▶ [Recorded information]
§

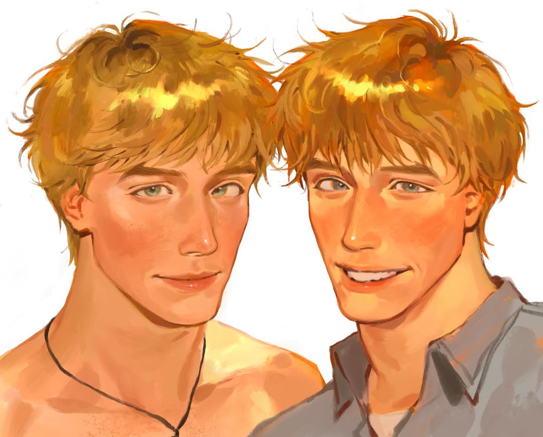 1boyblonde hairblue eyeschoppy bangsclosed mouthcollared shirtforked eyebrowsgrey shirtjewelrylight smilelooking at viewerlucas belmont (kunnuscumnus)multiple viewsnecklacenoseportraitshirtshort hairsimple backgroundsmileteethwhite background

§

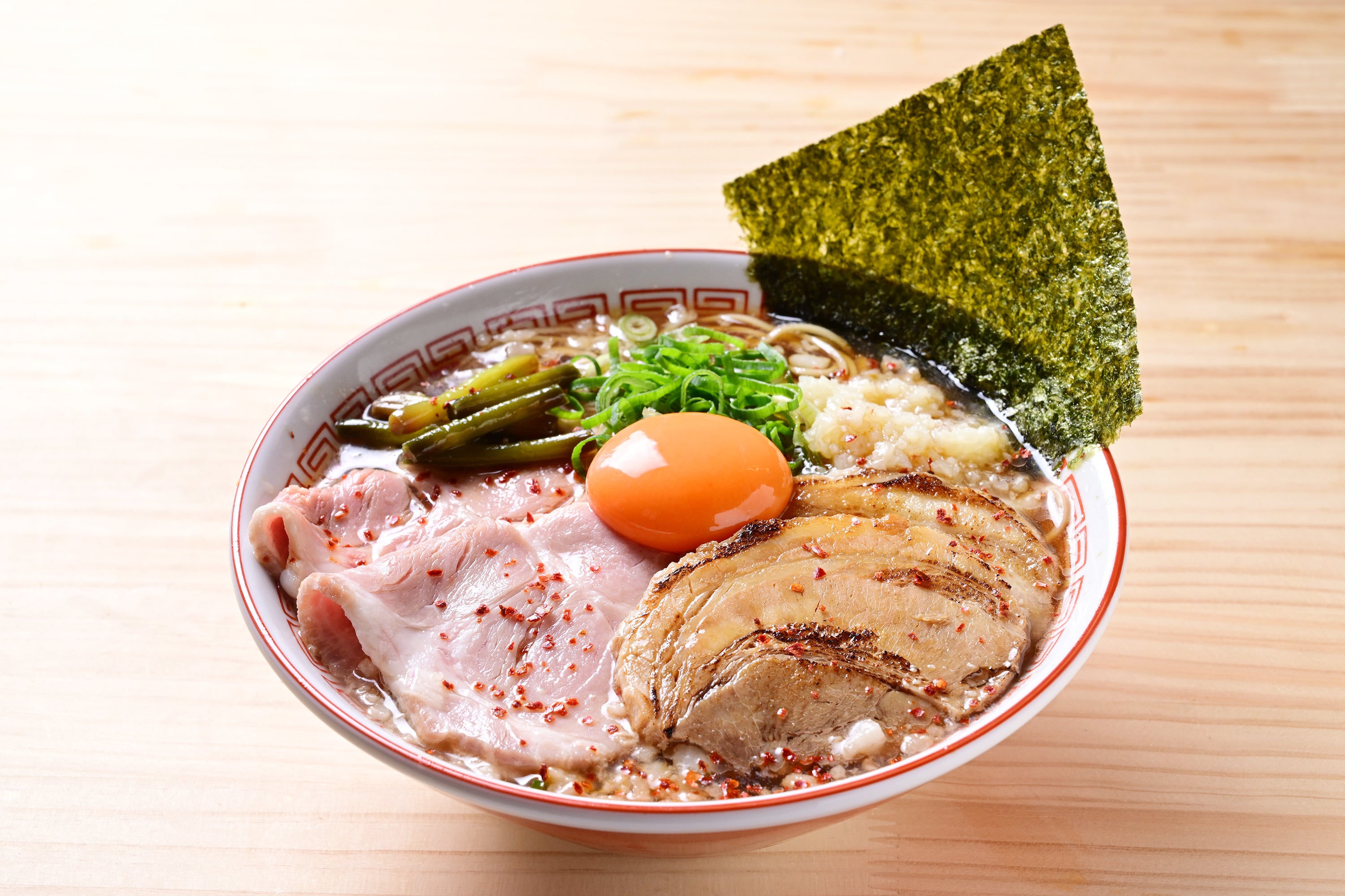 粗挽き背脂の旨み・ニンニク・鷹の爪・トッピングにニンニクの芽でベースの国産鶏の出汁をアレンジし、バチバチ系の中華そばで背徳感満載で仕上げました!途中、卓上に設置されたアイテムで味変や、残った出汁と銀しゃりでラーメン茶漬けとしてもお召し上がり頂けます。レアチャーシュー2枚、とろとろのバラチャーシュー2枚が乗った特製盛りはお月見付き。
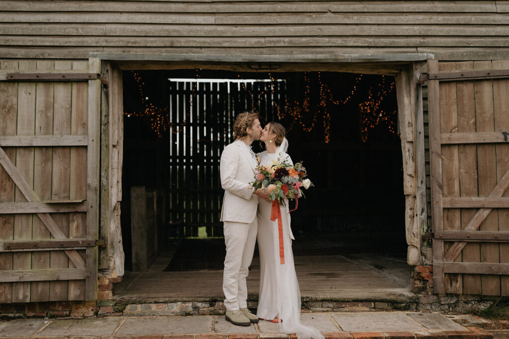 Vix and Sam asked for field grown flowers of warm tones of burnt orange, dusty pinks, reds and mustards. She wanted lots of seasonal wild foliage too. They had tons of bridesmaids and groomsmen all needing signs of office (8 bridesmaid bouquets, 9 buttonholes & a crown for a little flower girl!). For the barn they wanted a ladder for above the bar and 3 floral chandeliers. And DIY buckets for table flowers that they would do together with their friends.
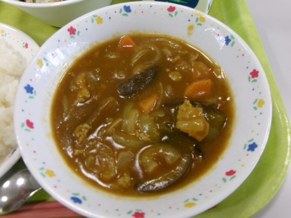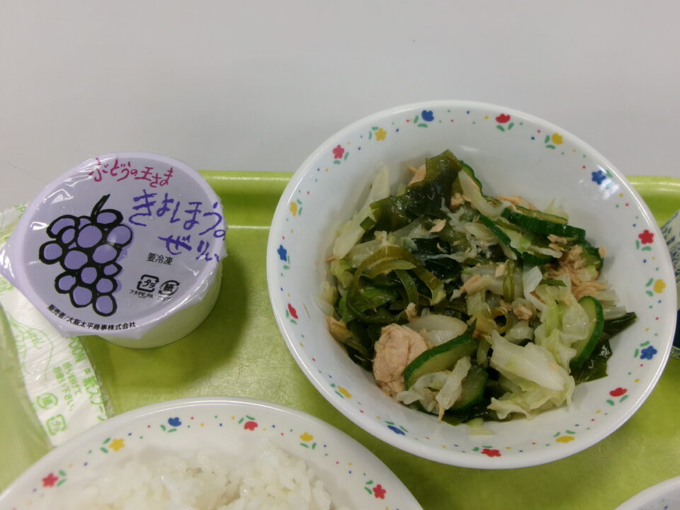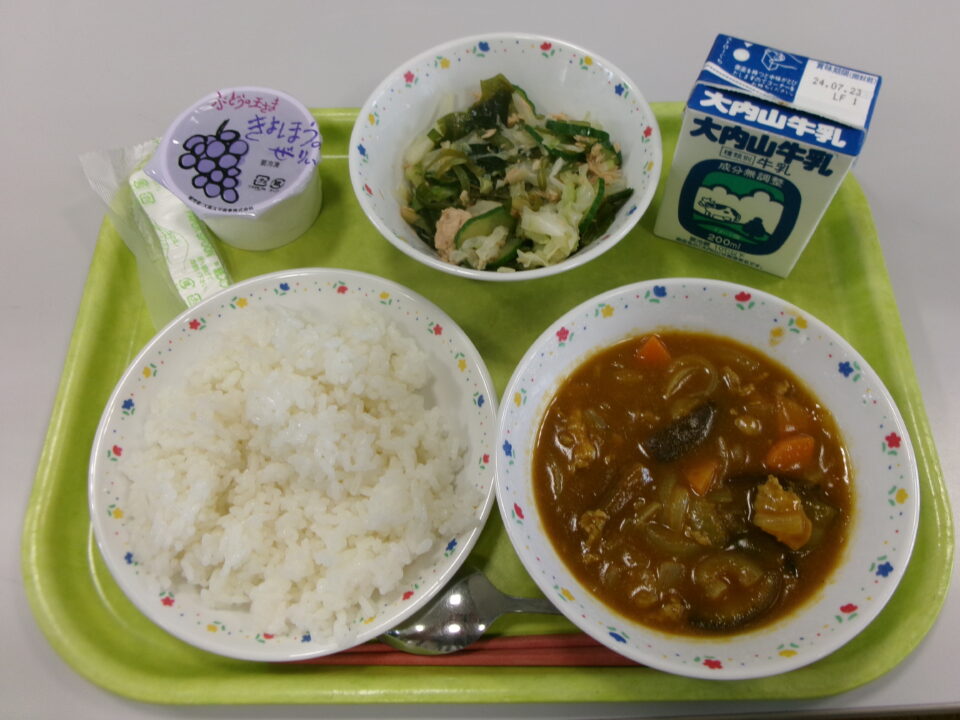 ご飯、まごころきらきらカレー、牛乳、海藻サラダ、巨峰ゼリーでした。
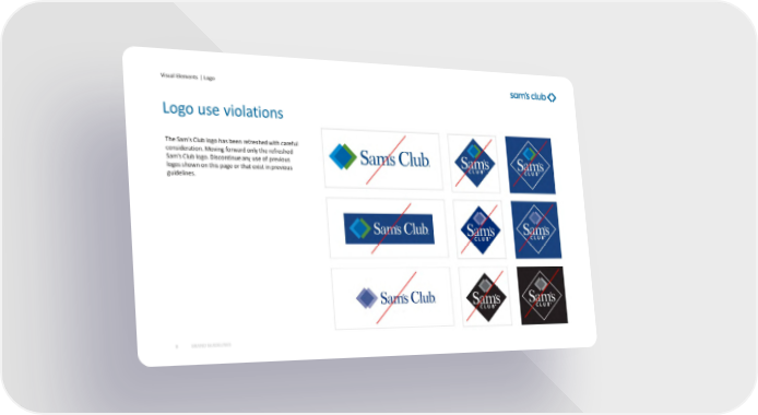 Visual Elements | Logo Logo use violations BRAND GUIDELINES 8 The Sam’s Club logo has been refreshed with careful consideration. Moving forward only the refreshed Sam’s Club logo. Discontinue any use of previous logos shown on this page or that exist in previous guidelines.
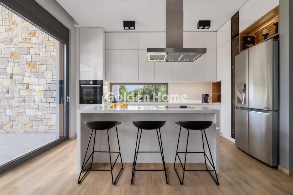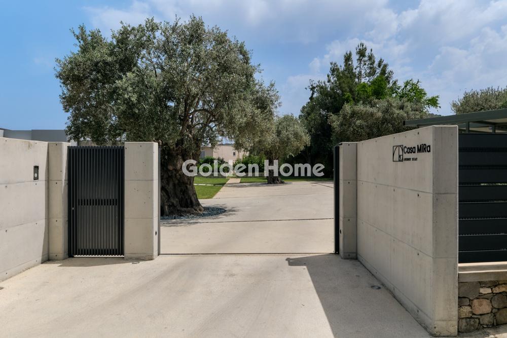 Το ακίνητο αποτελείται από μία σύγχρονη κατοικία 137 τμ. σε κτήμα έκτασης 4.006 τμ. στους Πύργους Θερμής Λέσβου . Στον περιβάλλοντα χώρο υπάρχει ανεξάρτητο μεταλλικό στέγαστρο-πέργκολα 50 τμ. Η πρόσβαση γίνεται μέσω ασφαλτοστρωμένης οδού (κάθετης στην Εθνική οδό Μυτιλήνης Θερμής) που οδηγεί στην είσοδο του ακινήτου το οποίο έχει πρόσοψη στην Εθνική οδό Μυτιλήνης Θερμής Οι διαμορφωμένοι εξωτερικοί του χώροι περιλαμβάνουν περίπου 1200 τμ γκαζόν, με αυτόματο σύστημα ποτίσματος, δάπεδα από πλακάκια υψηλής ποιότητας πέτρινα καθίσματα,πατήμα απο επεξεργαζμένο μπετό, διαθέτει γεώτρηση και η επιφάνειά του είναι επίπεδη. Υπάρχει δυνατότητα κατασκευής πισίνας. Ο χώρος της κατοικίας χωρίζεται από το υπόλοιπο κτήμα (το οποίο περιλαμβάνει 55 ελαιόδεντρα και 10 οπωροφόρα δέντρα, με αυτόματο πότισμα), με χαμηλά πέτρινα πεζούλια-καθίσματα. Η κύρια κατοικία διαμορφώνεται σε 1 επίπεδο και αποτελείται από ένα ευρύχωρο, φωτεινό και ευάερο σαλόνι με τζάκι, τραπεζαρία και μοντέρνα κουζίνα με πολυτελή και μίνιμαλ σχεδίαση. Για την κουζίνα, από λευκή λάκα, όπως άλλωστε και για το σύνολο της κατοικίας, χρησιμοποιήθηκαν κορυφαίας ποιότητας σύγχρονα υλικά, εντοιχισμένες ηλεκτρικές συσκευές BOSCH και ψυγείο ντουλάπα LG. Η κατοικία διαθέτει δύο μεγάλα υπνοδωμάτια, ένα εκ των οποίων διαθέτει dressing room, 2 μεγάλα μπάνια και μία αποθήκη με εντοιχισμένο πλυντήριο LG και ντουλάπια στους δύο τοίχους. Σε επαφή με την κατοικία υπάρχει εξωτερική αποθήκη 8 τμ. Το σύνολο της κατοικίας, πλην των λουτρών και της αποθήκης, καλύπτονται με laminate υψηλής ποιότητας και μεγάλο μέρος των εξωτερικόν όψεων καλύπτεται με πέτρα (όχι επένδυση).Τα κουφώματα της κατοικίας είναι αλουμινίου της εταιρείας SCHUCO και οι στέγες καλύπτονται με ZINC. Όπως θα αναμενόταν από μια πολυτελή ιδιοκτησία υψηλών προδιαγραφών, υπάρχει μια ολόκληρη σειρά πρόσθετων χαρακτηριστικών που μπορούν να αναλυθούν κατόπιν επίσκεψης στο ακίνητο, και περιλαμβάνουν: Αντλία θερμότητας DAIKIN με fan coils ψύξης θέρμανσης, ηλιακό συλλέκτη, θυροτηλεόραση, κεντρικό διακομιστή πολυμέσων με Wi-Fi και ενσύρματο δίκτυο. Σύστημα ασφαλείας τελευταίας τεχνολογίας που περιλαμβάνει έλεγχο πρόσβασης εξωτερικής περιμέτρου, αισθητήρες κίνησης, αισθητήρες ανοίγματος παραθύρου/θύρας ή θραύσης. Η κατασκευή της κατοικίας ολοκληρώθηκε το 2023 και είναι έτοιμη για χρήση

§

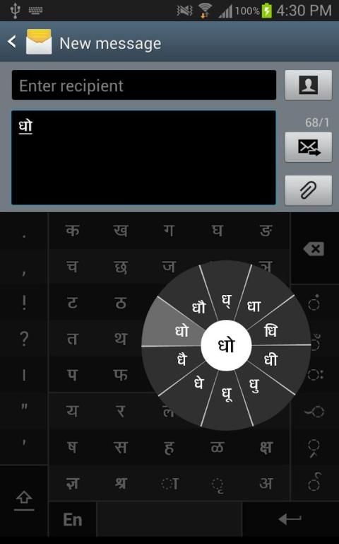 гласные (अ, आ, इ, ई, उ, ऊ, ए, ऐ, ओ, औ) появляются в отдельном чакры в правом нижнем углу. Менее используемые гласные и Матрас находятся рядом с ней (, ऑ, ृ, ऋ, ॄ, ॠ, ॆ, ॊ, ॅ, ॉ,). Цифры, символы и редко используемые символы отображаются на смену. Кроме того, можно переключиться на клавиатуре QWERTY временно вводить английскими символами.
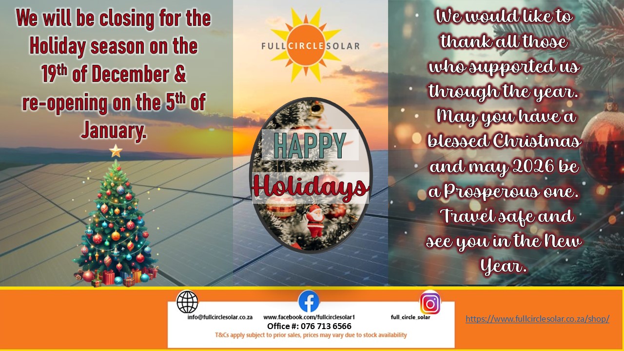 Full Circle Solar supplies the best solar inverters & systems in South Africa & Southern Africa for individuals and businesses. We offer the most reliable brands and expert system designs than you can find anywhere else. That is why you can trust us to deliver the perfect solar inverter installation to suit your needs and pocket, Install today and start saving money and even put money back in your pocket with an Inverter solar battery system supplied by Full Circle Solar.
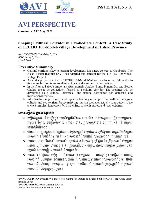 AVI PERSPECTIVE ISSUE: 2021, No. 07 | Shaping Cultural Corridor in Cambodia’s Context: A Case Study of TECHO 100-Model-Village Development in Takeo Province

§

▶ [Exercise description]
Print, exactly, each line above from the one with "Full Circle Solar supplies" to the one with "AVI PERSPECTIVE ISSUE: 2021, No.", end lines included. Leave pictures out of it.

▶ [Reply to the task]
 Full Circle Solar supplies the best solar inverters & systems in South Africa & Southern Africa for individuals and businesses. We offer the most reliable brands and expert system designs than you can find anywhere else. That is why you can trust us to deliver the perfect solar inverter installation to suit your needs and pocket, Install today and start saving money and even put money back in your pocket with an Inverter solar battery system supplied by Full Circle Solar.
 AVI PERSPECTIVE ISSUE: 2021, No. 07 | Shaping Cultural Corridor in Cambodia’s Context: A Case Study of TECHO 100-Model-Village Development in Takeo Province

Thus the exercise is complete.